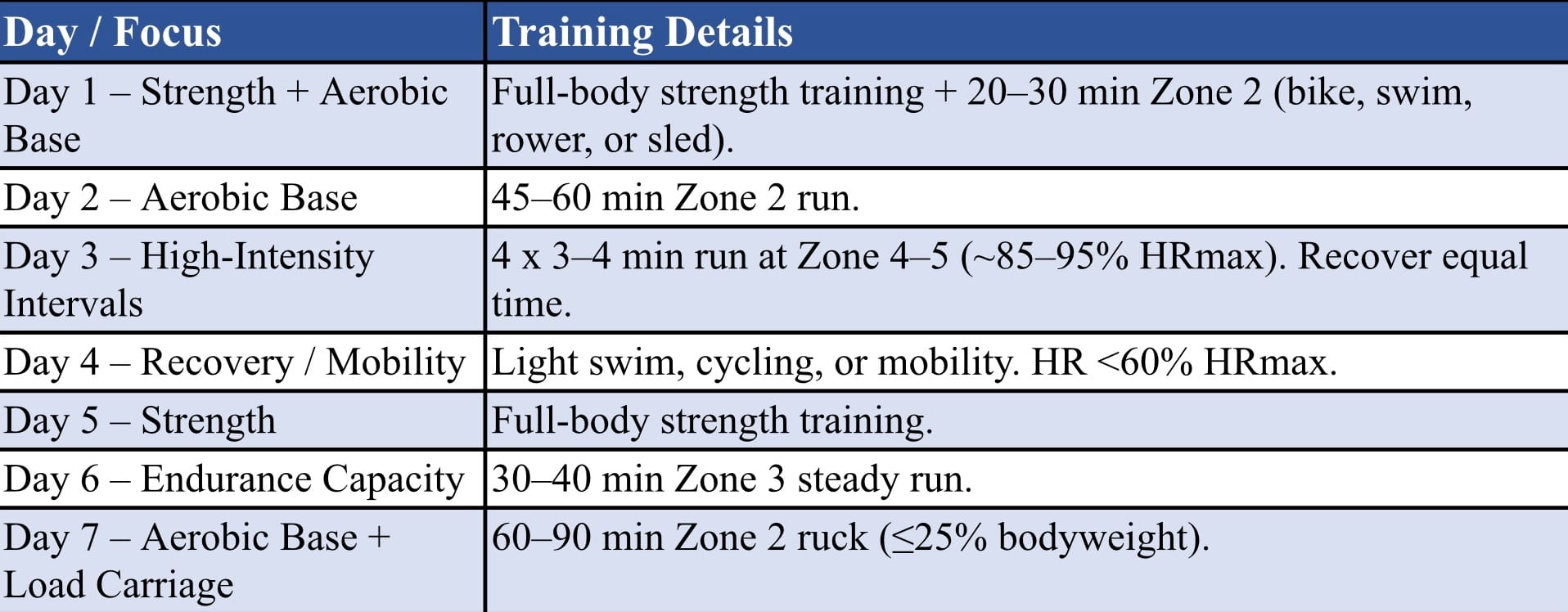 A VO₂ max–focused week for a tactical athlete should balance aerobic base work, high-intensity intervals, strength, and occasional load carriage—while still leaving room for recovery. Using a variety of modalities (running, rucking, cycling, rowing, swimming, etc.) reduces stress and builds versatility. Here’s one example of how that balance might look:
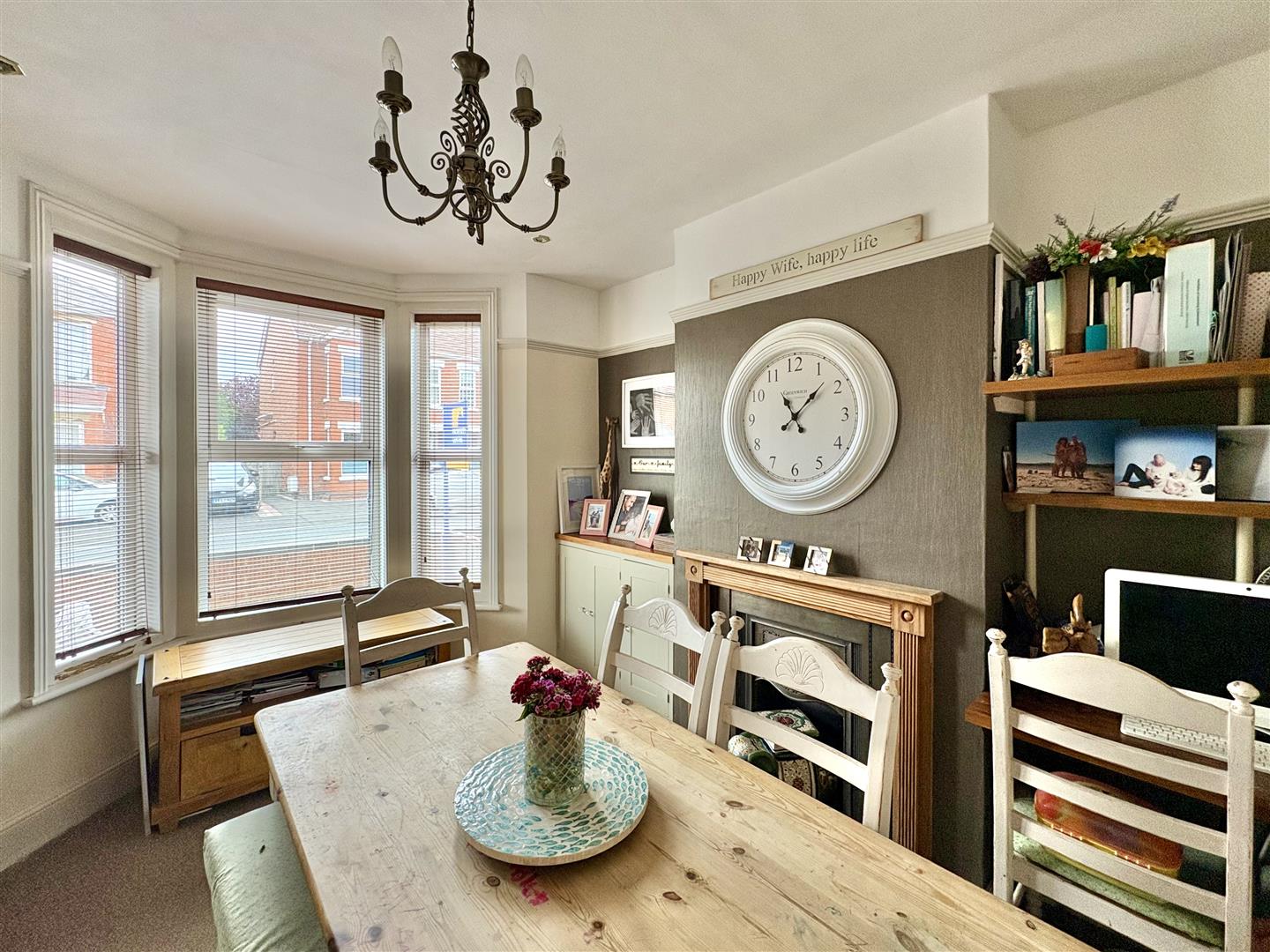 Dining Room - 3.47m x 3.32m (11'4" x 10'10" ) - Ornate cast iron fireplace with wooden surround and tiled hearth, built in storage cupboards, radiator, upvc double glazed bay window to front aspect.
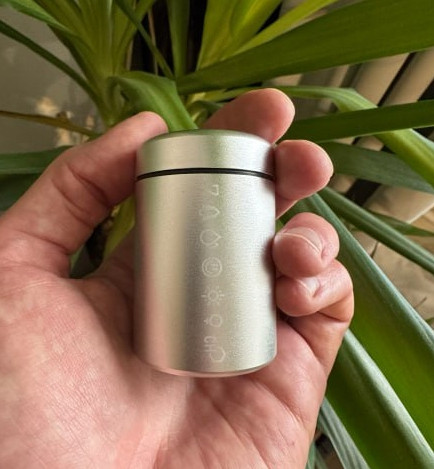 Контейнер металлический 7CH большой просто обязан быть у каждого гровера! Украшенный нашим фирменным лого этот с виду простой, но очень элегантный контейнер, не пропускает аромат хранящихся в нём шишек, приятно лежит в руке и вмещает приличное количество растительного материала.

**AIM OF THE TASK**. Begin at the top of the material above and output each line exactly, stopping after the line that holds "Dining Room - 3.47m". Leave out pictures.

**EXERCISE OUTPUT**.
 A VO₂ max–focused week for a tactical athlete should balance aerobic base work, high-intensity intervals, strength, and occasional load carriage—while still leaving room for recovery. Using a variety of modalities (running, rucking, cycling, rowing, swimming, etc.) reduces stress and builds versatility. Here’s one example of how that balance might look:
 Dining Room - 3.47m x 3.32m (11'4" x 10'10" ) - Ornate cast iron fireplace with wooden surround and tiled hearth, built in storage cupboards, radiator, upvc double glazed bay window to front aspect.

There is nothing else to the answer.